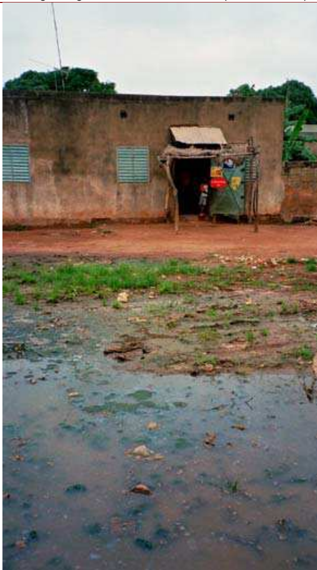
Cliché 25. Les mares d'eaux usées couvertes de mousses verdâtres dégagent une odeur pestilentielle

C'est souvent le conformisme 122 qui prévaut en ce cas, un modus vivendi qui souligne la priorité du principe de co-existence locale et surtout le souci de sa continuité. Quand les protagonistes peuvent s'appuyer sur des normes de bienséance et une éthique du savoir-vivre en société, partagés. Ils reconnaissant le coût social de la honte et tentent d'élaborer un consensus sur la manière de négocier et sur l'enjeu de la négociation. Ils inventent des conventions, pragmatiques, qui règlent l'étendue des conduites réciproquement acceptables : la tactique dominante consiste toujours à maintenir les règles pragmatiques du jeu social localement défini (Bouju, 1998).
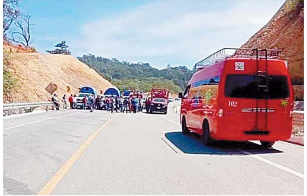
Las autoridades tardaron en llegar a la zona de conflicto.
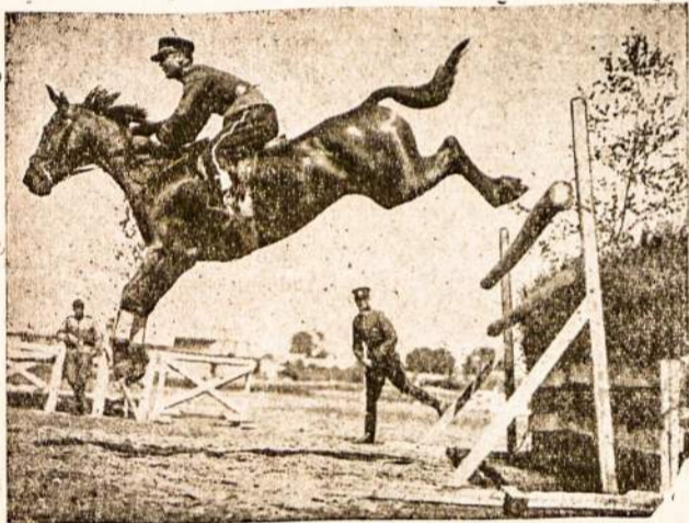
Lietuvos raitininkas šoka per kliūtis.

* * * * * * *

### Exercise requirements:
A verbatim copy of the data, pictures removed, is the expected result.

### Your solution:
Cliché 25. Les mares d'eaux usées couvertes de mousses verdâtres dégagent une odeur pestilentielle

C'est souvent le conformisme 122 qui prévaut en ce cas, un modus vivendi qui souligne la priorité du principe de co-existence locale et surtout le souci de sa continuité. Quand les protagonistes peuvent s'appuyer sur des normes de bienséance et une éthique du savoir-vivre en société, partagés. Ils reconnaissant le coût social de la honte et tentent d'élaborer un consensus sur la manière de négocier et sur l'enjeu de la négociation. Ils inventent des conventions, pragmatiques, qui règlent l'étendue des conduites réciproquement acceptables : la tactique dominante consiste toujours à maintenir les règles pragmatiques du jeu social localement défini (Bouju, 1998).
Las autoridades tardaron en llegar a la zona de conflicto.
Lietuvos raitininkas šoka per kliūtis.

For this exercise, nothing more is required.